- Born: November 4, 1907 Plainview, Texas
- Died: January 29, 1978
- Occupation: journalist

= Price Day =

American war correspondent (1907-1978)

Price Day (1907–29 January, 1978) was a war correspondent for The Baltimore Sun who won a 1949 Pulitzer Prize for International Reporting.

==Early life==
Price Day was born in 1907 in Plainview, Texas. At the age of ten, he moved with his family to Chicago. After admission to Princeton University, Day headed the school's magazine The Tiger. Upon graduation in 1929, he worked as a cartoonist and a freelance author of Saturday Evening Post, Colliers, for over a decade.

==Career==
In 1942, Price Day moved to Florida to join the Fort Lauderdale Times as a city editor. But a year later, he was assigned by the Baltimore Sun to cover the Mediterranean battle areas as a war correspondent. He performed his job from 1942 to 1945 and covered the 8th Air Force, the Anzio beachhead, and Rome's liberation, the breaking of the "Gustav Line" near the Vosges. In 1945, Day was present at the signing of the German Instrument of Surrender.

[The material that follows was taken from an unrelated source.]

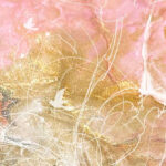同じレモンイエローの不透明水彩絵の具にメディウムを混ぜて透明水彩絵の具にしたものを、不透明水彩のマゼンタに塗り重ねるとこうなります。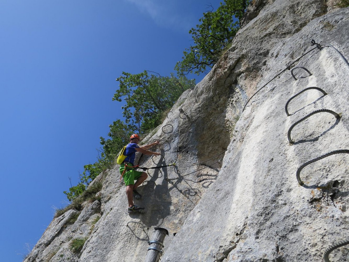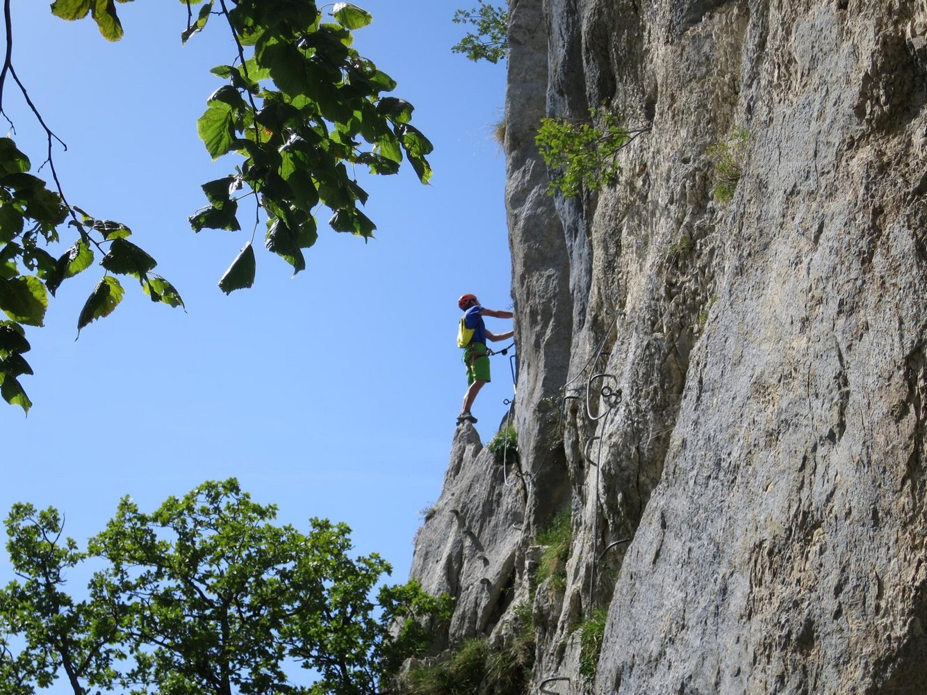 Kurzer, einsamer und netter Klettersteig bei der Chartreuse du Pomier mit einem schönen Blick auf Ebene von Sait-Julien-en-Genevois. Trotz der Nähe zur Autobahn stört diese nicht und erlaubt, diesen Klettersteig quasi im Vorbeifahren mitzunehmen.

In the post-war period, the correspondent covered the Potsdam Conference, the Nuremberg Trials, the restoration of the usual way of life in Czechoslovakia, France, Germany, and the Caribbean. Overall, Day reported on 16 national political conventions as a reporter and later as an editor. His experience culminated in his assignment to the leading role in Sun's authors' team on a worldwide study of the British Commonwealth and Empire and its changes since the cessation of hostilities.

Secretary of War Robert P. Patterson honored war correspondents, including Day, at an event in Washington, on November 23, 1946.

In 1948, Price Day got an assignment to India, where he wrote a twelve-article series "Experiment with Freedom – India and Its First Year of Independence." In the course of his work in the country, the journalist also interviewed Mahatma Gandhi. His journalistic success earned him the Pulitzer Prize for International Reporting in 1949.

In 1952, Day moved from reporting to the editorial staff of the Baltimore Sun in 1952. Four years later, he became an associate editor of the newspaper. In the 1970s, the columnist joined the Advisory Board on the Pulitzer Prizes.

In 1975, Day retired from editor‐in‐chief of the Sun and the newspapers after 15 years. He died at the age of 71 in MedStar Memorial Hospital three years later.